» INSTRUCTIONS FOR THE TASK
Repeat the whole listing below precisely. Omit all pictures.

» DATA BELOW
++++++++++

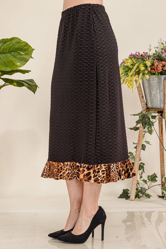 BLACK HONEYCOMB SKIRT WITH ANIMAL PRINT RUFFLE: Small Final SALE! Cannot Be Returned!
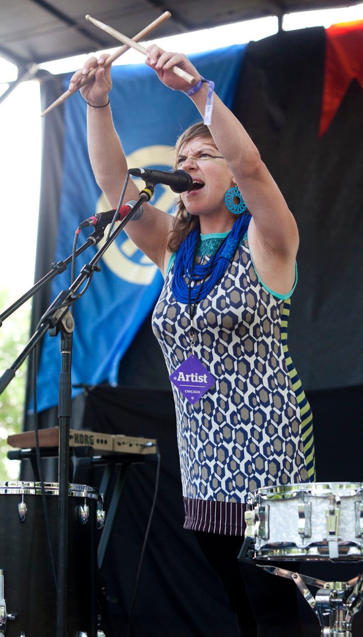 Elsewhere, Thurston Moore went acoustic ("Is this too loud?" he joked while strumming during soundcheck) with a harpist, EMA captured hearts with songs caked in broken, grungy torment and outstanding vocal performances, Battles piledrived through material from both their LPs with no Tyondai and a shirtless Stanier, James Blake dropped throbbing sub-bass that kids were still talking about hours later in line for the Smith Westerns/Das Racist show at Lincoln Hall later at night, and New Orleans' rapper Curren$y repped Chicago via MJ #23 Bulls jersey.
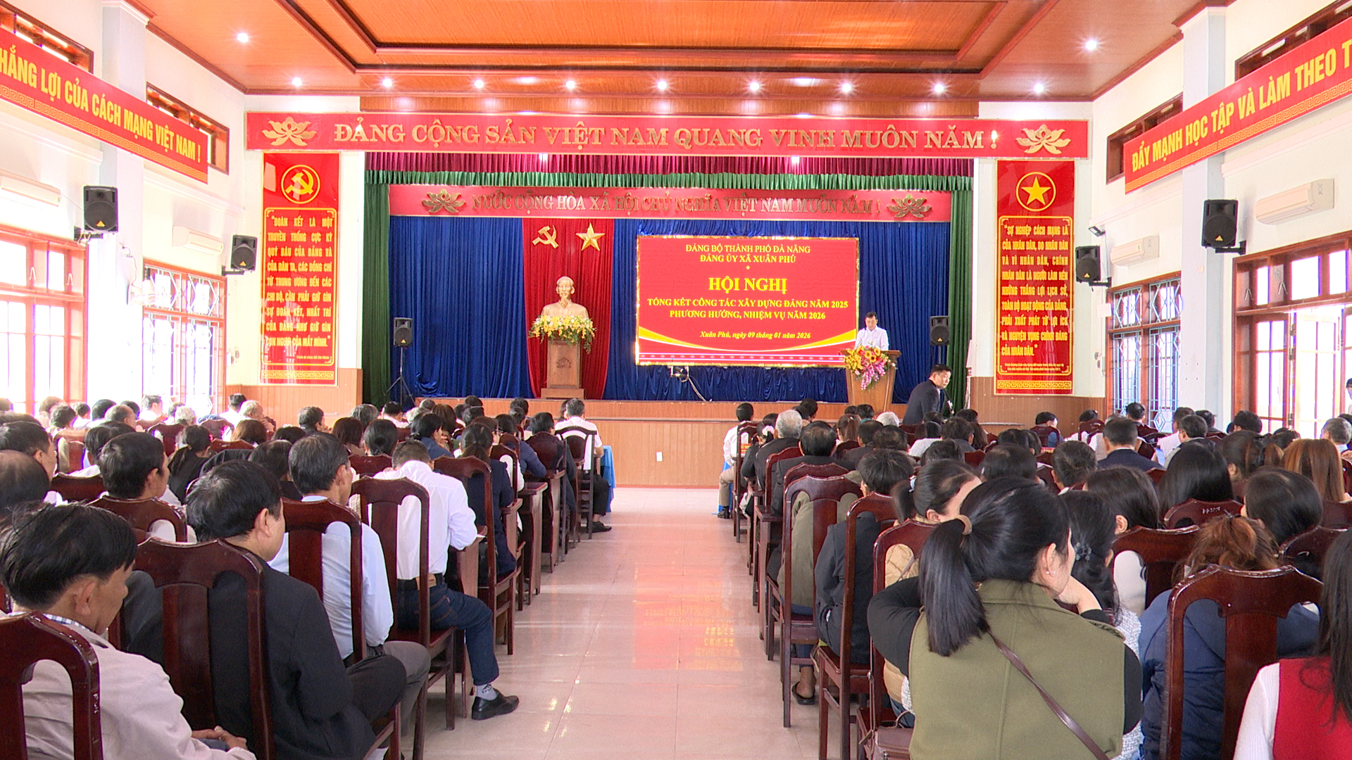 Năm 2025, trong bối cảnh khối lượng công việc lớn, nhiều khó khăn, thách thức, Ban Chấp hành và Ban Thường vụ Đảng ủy xã đã phát huy tinh thần đoàn kết, tập trung lãnh đạo toàn diện các mặt công tác. Nổi bật là việc tổ chức thành công Đại hội đại biểu Đảng bộ xã Xuân Phú lần thứ I, nhiệm kỳ 2025–2030, đảm bảo đúng tiến độ, nội dung theo chỉ đạo của Trung ương và Thành ủy. Sau Đại hội, Ban Thường vụ Đảng ủy đã kịp thời phân công nhiệm vụ cho các đồng chí Ủy viên Ban Chấp hành, Ban Thường vụ và Thường trực Đảng ủy, bảo đảm bộ máy hoạt động thông suốt, hiệu quả.

++++++++++

» ANSWER SECTION
 BLACK HONEYCOMB SKIRT WITH ANIMAL PRINT RUFFLE: Small Final SALE! Cannot Be Returned!
 Elsewhere, Thurston Moore went acoustic ("Is this too loud?" he joked while strumming during soundcheck) with a harpist, EMA captured hearts with songs caked in broken, grungy torment and outstanding vocal performances, Battles piledrived through material from both their LPs with no Tyondai and a shirtless Stanier, James Blake dropped throbbing sub-bass that kids were still talking about hours later in line for the Smith Westerns/Das Racist show at Lincoln Hall later at night, and New Orleans' rapper Curren$y repped Chicago via MJ #23 Bulls jersey.
 Năm 2025, trong bối cảnh khối lượng công việc lớn, nhiều khó khăn, thách thức, Ban Chấp hành và Ban Thường vụ Đảng ủy xã đã phát huy tinh thần đoàn kết, tập trung lãnh đạo toàn diện các mặt công tác. Nổi bật là việc tổ chức thành công Đại hội đại biểu Đảng bộ xã Xuân Phú lần thứ I, nhiệm kỳ 2025–2030, đảm bảo đúng tiến độ, nội dung theo chỉ đạo của Trung ương và Thành ủy. Sau Đại hội, Ban Thường vụ Đảng ủy đã kịp thời phân công nhiệm vụ cho các đồng chí Ủy viên Ban Chấp hành, Ban Thường vụ và Thường trực Đảng ủy, bảo đảm bộ máy hoạt động thông suốt, hiệu quả.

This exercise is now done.